# Worst christmas music?



## Alienfish (Dec 14, 2014)

Yeah.. I'm just curious as I have a few I can't stand for real...

Fairytale of New York or what the heck it's called.. it's just so cheesy regardless of who sings on it.. and it gives me more feelings of cold rather than coziness(Might be its purpose it just annoys me).

And most of Mariah Carey's stuff...especially All I want for Christmas is you I hate her wailing to death and she can't sing for a penny.

Lastly, most modern rnb/dance version of any song.


----------



## KarlaKGB (Dec 14, 2014)

how is fairytale of new york cheesy wtf is wrong with u ur dead to me now


----------



## BlooBelle (Dec 14, 2014)

I love Mariah stfu 
That grandma got run over by a reindeer song is awful omg.


----------



## Alienfish (Dec 14, 2014)

KarlaKGB said:


> how is fairytale of new york cheesy wtf is wrong with u ur dead to me now



Hah, I think it is lol.

- - - Post Merge - - -



BlooBelle said:


> I love Mariah stfu
> That grandma got run over by a reindeer song is awful omg.


Each to their own...

Sounds like my alley I have to check it out m80


----------



## thatawkwardkid (Dec 14, 2014)

I'm not very fond of Grandma got ran over by a Reindeer (and the movie).


----------



## Nimega (Dec 14, 2014)

I once heard a Christmas song called "I want a hippopotamus for Christmas". It was the funniest, weirdest and worst Christmas song I've ever heard. I spent 5 minutes or so laughing.


----------



## Alienfish (Dec 14, 2014)

Nimega said:


> I once heard a Christmas song called "I want a hippopotamus for Christmas". It was the funniest, weirdest and worst Christmas song I've ever heard. I spent 5 minutes or so laughing.

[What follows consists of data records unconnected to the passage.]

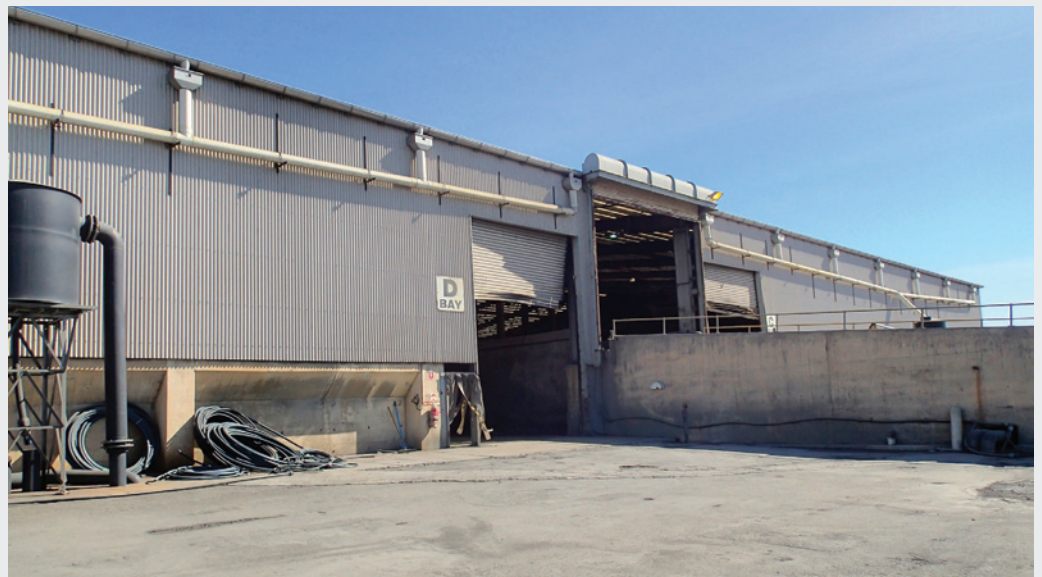
Doors of concentrate shed not able to be closed

As well as monitoring dust on land surrounding Bing Bong Port, MRM has monitored water quality in the swing basin and shipping channel, which can be impacted by dust. Due to a change in methods, in 2014 the twice-yearly marine sediment sampling program in the swing basin and shipping channel was not undertaken. The IM recommends that this program should be reinstated in 2015.
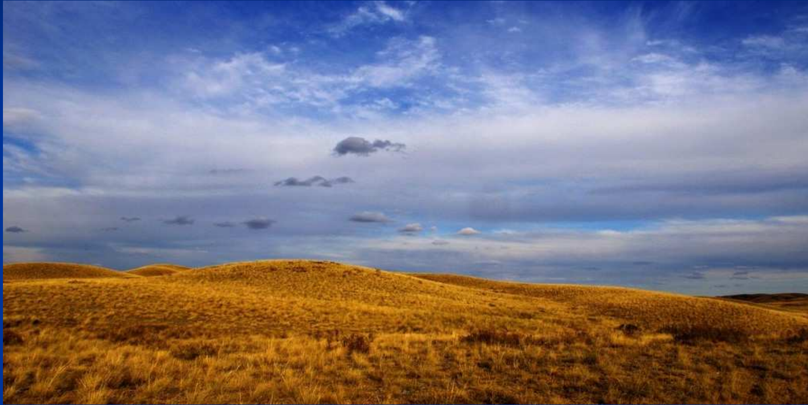
Typical steppe landscape of Central Kazakhstan
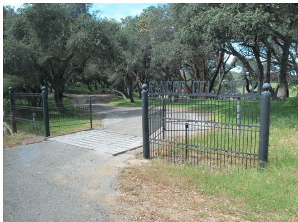
Main Gate to Rancho del Cielo

The helicopter pad was replaced by a field of Garania flowers at the Reagan's request after he left office.

Hahaha sounds awesome xD need it!


----------



## Jarrad (Dec 14, 2014)

Saying a successful singer can't sing is like saying a professional painter doesn't know how to paint.
It's their profession.. they make a living off of it. Of course they know how to do the thing they're known best for lol?

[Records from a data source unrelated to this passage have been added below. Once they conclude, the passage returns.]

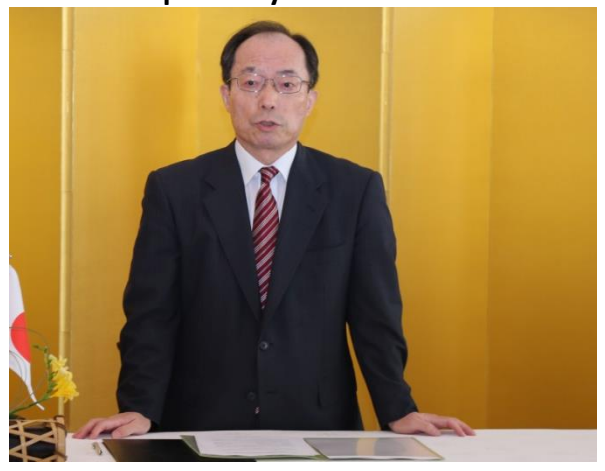
Speech by Ambassador
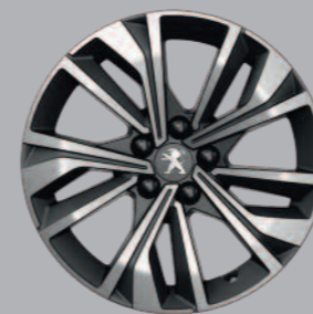
17" 'MERION' diamond-cut two tone
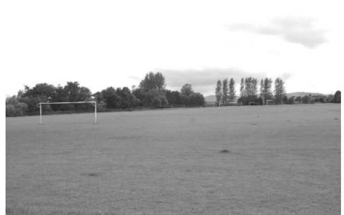
The Myre Park

Myre Park: P&KC advises that the Myre is leased by King George V Playing Fields Management Committee. In terms of pitch allocation this is left to the clubs, as no specific management agreements are in place for the individual pitches.
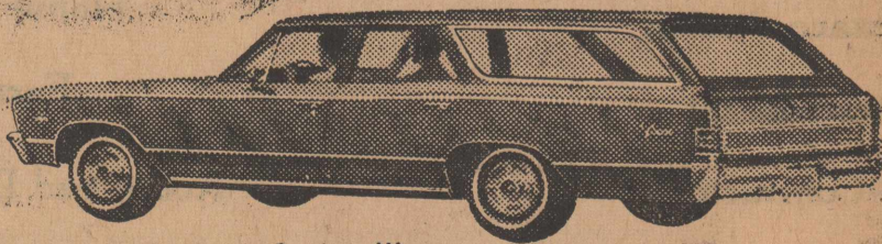
Chevelle Concours Custom Wagon

For '67, everything new that could happen... happened! Now, at your Chevrolet dealer's
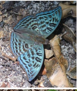
Euryphura achlys 👌
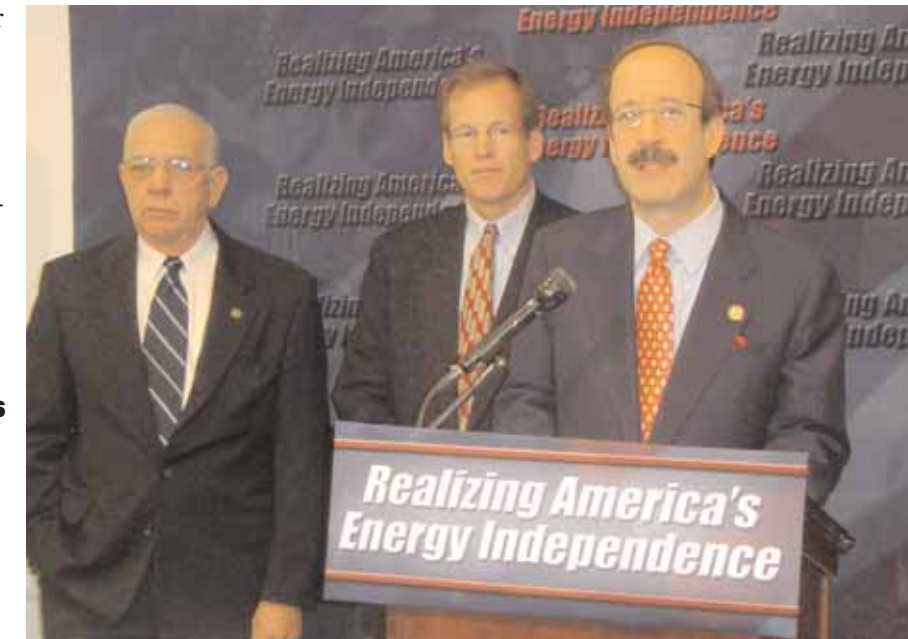
Congressman Engel speaking at the press conference on the introduction of "Fuel Choices for American Security Act." Also pictured are the Act's co-authors Congressman Jim Saxton and Jack Kingston.

Engel's legislation would end this inequity and provide incentives for workers to use public transit instead of driving to work.

Ugh, I hate that guy who's popular for his profession of swimming. Personally, I think he can't swim. Even though he clearly can

worst xmas music: justin beebier mistletoe


----------



## Sanaki (Dec 14, 2014)

any and all x)


----------



## Alienfish (Dec 14, 2014)

Jarrad said:


> Saying a successful singer can't sing is like saying a professional painter doesn't know how to paint.
> It's their profession.. they make a living off of it. Of course they know how to do the thing they're known best for lol?
> 
> Ugh, I hate that guy who's popular for his profession of swimming. Personally, I think he can't swim. Even though he clearly can
> ...



Opinions.

Also that one by Jona Lewie.. yuck yuck dun dun dun nope


----------



## Jarrad (Dec 14, 2014)

Noiru said:


> Opinions.
> 
> Also that one by Jona Lewie.. yuck yuck dun dun dun nope




What's favourite christmas song?


----------



## oath2order (Dec 14, 2014)

https://www.youtube.com/watch?v=hMhMekfIyos

this is the worst song ever created


----------



## Alienfish (Dec 14, 2014)

Jarrad said:


> What's favourite christmas song?



Mine? Hmm.. tough one though. Probably The Power of Love with Frankie Goes To Hollywood

- - - Post Merge - - -



oath2order said:


> https://www.youtube.com/watch?v=hMhMekfIyos
> 
> this is the worst song ever created



The intro almost made me scream loud.


----------



## Envy (Dec 14, 2014)

Whichever pop girl singer (Taylor Swift?) covered 'Last Christmas' in recent years covered it pretty terribly. It's soooo monotone.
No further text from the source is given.